**Problem requirements**
Begin at the line that has "Overall van Carhartt", stop after the line that has "பாக்தாத்தில் நடந்த கூட்டம்", and print exactly those lines from the records below, without any pictures.

**Task material**
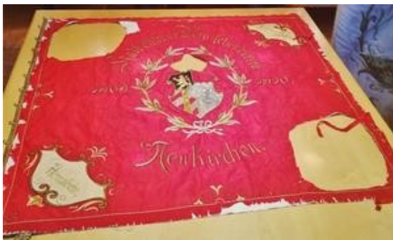
Die Burschenfahne vor der Restaurierung mit den herausgetrennten Tugenden

Mittagsmahl zog der Burschenverein mit der Fahne zum Rosenkranzgebet in die Kirche. Erst dann zog der Festzug durch die festlich geschmückte Ortschaft. Jetzt hatte man Gelegenheit, Gästen und Zuschauern die Fahne zu präsentieren. Die Fahnenweihe nahm einen gelungen Verlauf und trug zur Stärkung der Kameradschaft innerhalb des Vereins bei. Die Burschenfahne des katholischen Burschenvereins Neukirchen wurde einst als die schönste beim Landestreffen der Burschenvereine Bayerns in München prämiert.
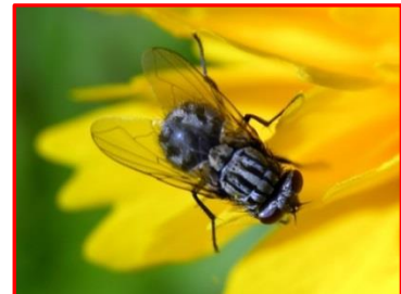
Stomoxys calcitrans (Muscides) Mouche des étables
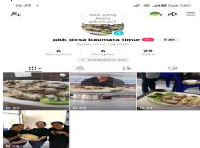
Gambar 6. Pembuatan Akun TikTok

Gambar 5 merupakan kegiatan Materi Pengolahan pada PKM bagi kelompok PKK desa wisata Baumata Timur, Pemanfaatan ragi Lokal pada Pangan dilaksanakan langsung oleh ketua Tim Pengabdian yaitu Regina Ilse Marcelina BanoEt,SP.,MP.Mitra sangat antusias bahkan mampu melakukan duplikasi metode dan menghasilkan diversifikasi produk.
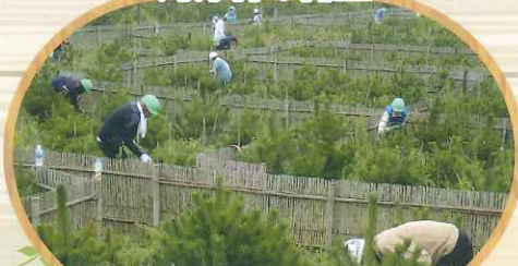
第2：緑の募金の森の造成（旭市）
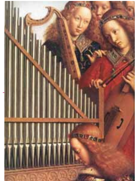
Een van de oudste geschilderde afbeeldingen waarop een orgel voorkomt, is 'De aanbidding van het Lam Gods', in 1432 door Jan van Eyck voltooid in de Josse Vijdkapel, Sint Baafskathedraal te Gent. Paneel van de musicerende engelen.
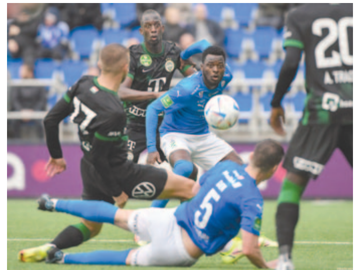
Csata a labdáért a 0-0-ra zárult első mérkőzésen
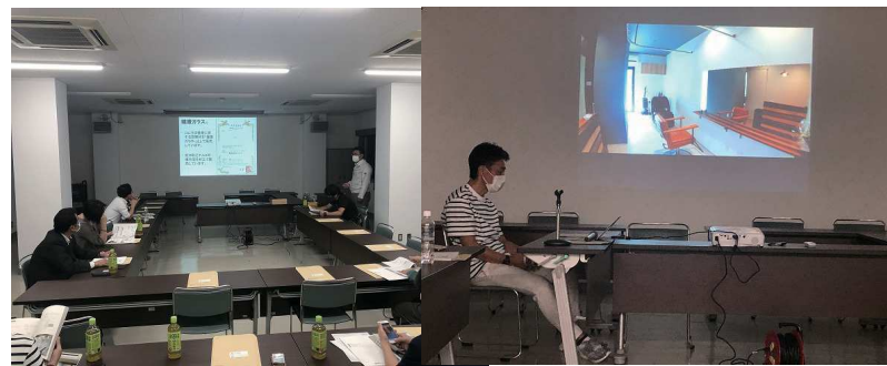
※9・10月度勉強会は新型コロナウイルス対策として、参加者は協会員・正・準・スタッフ会員に限定。広めの会場でマスク着用、換気をしながらの開催となりました。
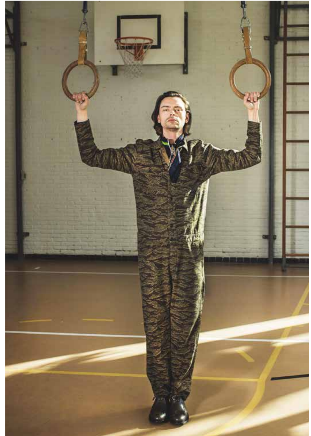
Overall van Carhartt € 160 Schoenen Filippa K € 260 Trainingsjack van Alexander McQueen via de Bijenkorf € 315 Sjaaltje van Hermès prijs op aanvraag
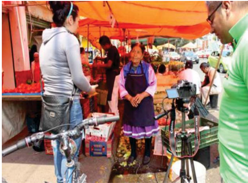
Momento de la grabación.
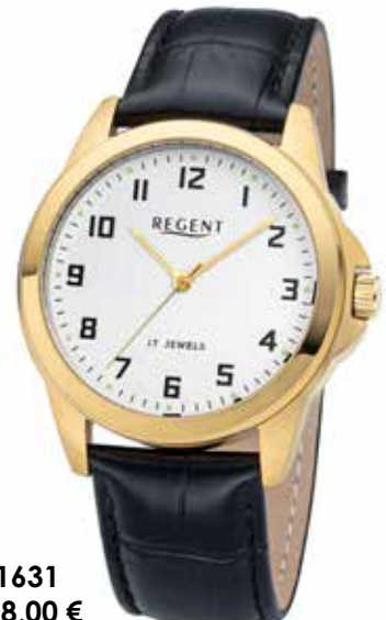
F-1631 148,00 €

Edelstahl + Edelstahl IPG, 5 Bar, Ø 39 mm, Handaufzug
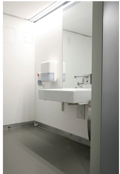
Barrierefreies WC im UG
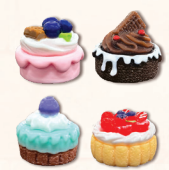
Tartas × 32

(la forma y el color no tienen ningún efecto en el desarrollo de la partida)
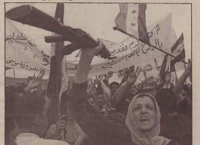
பாக்தாத்தில் நடந்த கூட்டம் ஒன்றின் போது "கலாஸ்கன்" ரக ரைபிள் ஒன்றை அசைத்துக் காட்டும் ஈராக்கிய பெண்.

அமெரிக்காவின் நோக்கங்கள் நிறைவேறாமல் செய்யமுடிந்தால் அது ஈராக்கிற்கு வெற்றியைத் தருவது போலாகும் என அரபுலக செய்மதி வானொலி ஒன்றுக்கு அளித்த பேட்டியில் துணைப் பிரதமர் கூறியுள்ளார்.
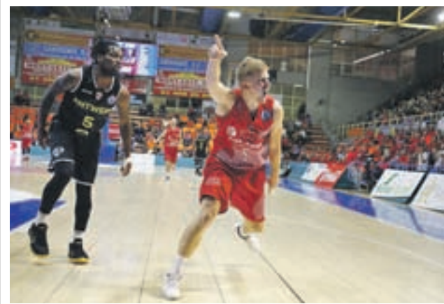
El Montakit, en un encuentro BALONCESTO FUENLABRADA

Los primeros partidos se celebrarán desde el próximo 8 de noviembre, mientras que la fase final tendrá lugar entre el 8 y el 23 de junio. Los polideportivos El Trigal, Fermín Cacho, La Cueva y Loranca acogerán los encuentros.
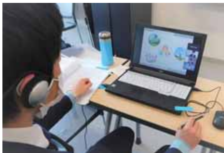
業界勉強会はオンラインで開催しました。

静岡英和は、本気になって学ぶことができる環境が整っています。日々の学業をコツコツと積み重ね、学びの楽しさを発見することも大きな経験です。私達は、このような学生達が自分で意識していない大きな経験を引き出し、就職後の豊かな人生まで見据え、地に足の着いた支援を行っていきます。
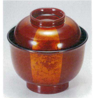
10-197-16 1-158-16 TA 3.3寸美里吸椀 白壇市松 S・H塗 ¥4,350 (10φ×9.7) 欄100 210cc
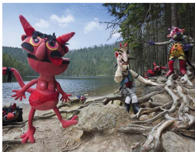
Čerti se zabydleli na Čertově jezeře.
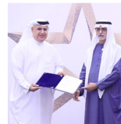
Al Qassimi Hospital
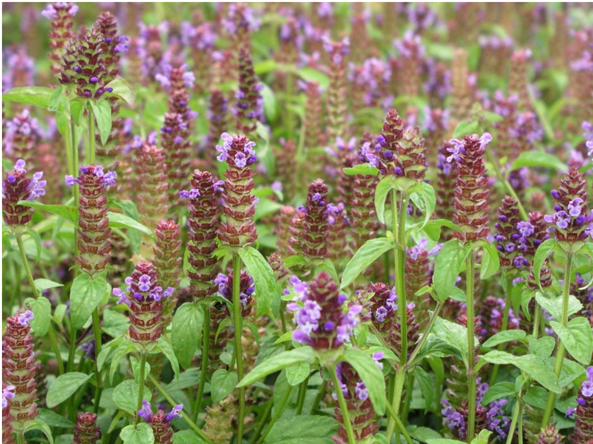
Abb. 4: Bestand bei beginnender Abblüte kurz vor der Ernte

Bisher gibt es keine Technologie, allein die „Blütenähren“, wie sie bisher vom Chinesischen Arzneibuch verlangt werden, zu gewinnen mit Ausnahme des viel zu kostenaufwändigen Handpflückens . Wegen des ungleichmäßigen Blühhorizontes sind mit den üblicherweise eingesetzten Erntemaschinen für Krautfrüchte (s. Abb. 5) nur blühende „Kurztriebe“ in einer Gesamtlänge bis zu etwa 15 cm zu gewinnen. Diese enthalten neben der Blütenähre noch ein Stück Stängel sowie einige Laubblätter. Verschiedene Anbautermine im Frühjahr und Sommer, unterschiedliche Standjahre der Kultur oder die Durchführung eines „Schröpfschnittes“ bei Blühbeginn führten zu keiner Besserung. Ein in der Blütenebene gleichmäßig hoher Bestand könnte nur durch züchterische Maßnahmen erreicht werden, wie sie bisher aus Kostengründen noch nicht durchgeführt worden sind. Versuche zum Schneiden und Separieren des Erntegutes vor oder nach der Trocknung in kommerziellen Aufbereitungsanlagen für Blattfrüchte wie Petersilie, Dill oder Liebstöckel blieben ebenfalls erfolglos.
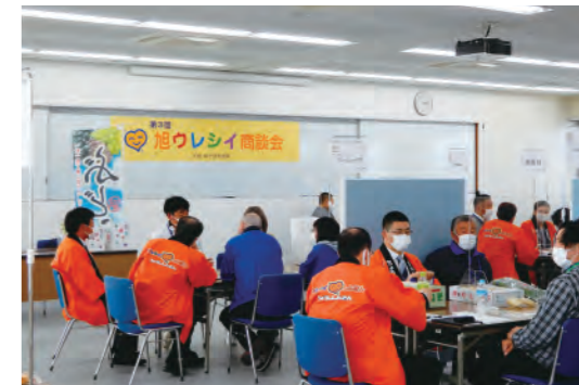
第3回旭ウレシイ商談会

新型コロナウイルスの「感染拡大予防ガイドライン」に基づいた対策を実施したうえで開催となりましたが、33件の商談が行われ、「有意義な商談会だった」との声も多く寄せられました。
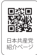
日本共産党紹介ページ
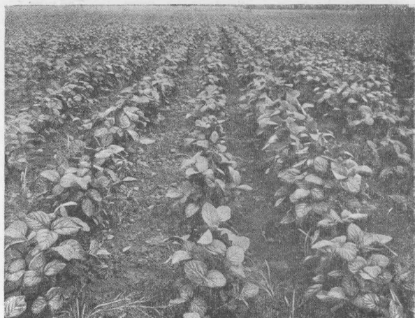
3. Посев сои, букетированный культиватором орловского з-да им. Медведева, 1933 г. Вид вдоль рядков.

Из методов управления развитием растений (помимо яровизации) изучался вопрос химической стимуляции . Лаборатория агрофизиологии бывш. НИИСКА шла в этом вопросе двумя путями: длительным воздействием
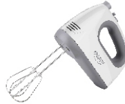
MIXER CR 4220
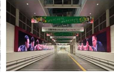
▲JR川崎駅北口通路LEDビジョン ▲水曜ナイトライブ
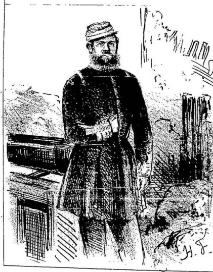
O CORONEL PARAGUAYO
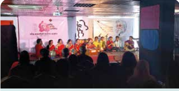
রবীন্দ্রজয়ন্তী উদযাপন অনুষ্ঠানে রবীন্দ্র সৃজনকলা বিশ্ববিদ্যালয়ের সংগীত বিভাগের পরিবেশনা।

**Response to the task**
Overall van Carhartt € 160 Schoenen Filippa K € 260 Trainingsjack van Alexander McQueen via de Bijenkorf € 315 Sjaaltje van Hermès prijs op aanvraag
Momento de la grabación.
F-1631 148,00 €

Edelstahl + Edelstahl IPG, 5 Bar, Ø 39 mm, Handaufzug
Barrierefreies WC im UG
Tartas × 32

(la forma y el color no tienen ningún efecto en el desarrollo de la partida)
பாக்தாத்தில் நடந்த கூட்டம் ஒன்றின் போது "கலாஸ்கன்" ரக ரைபிள் ஒன்றை அசைத்துக் காட்டும் ஈராக்கிய பெண்.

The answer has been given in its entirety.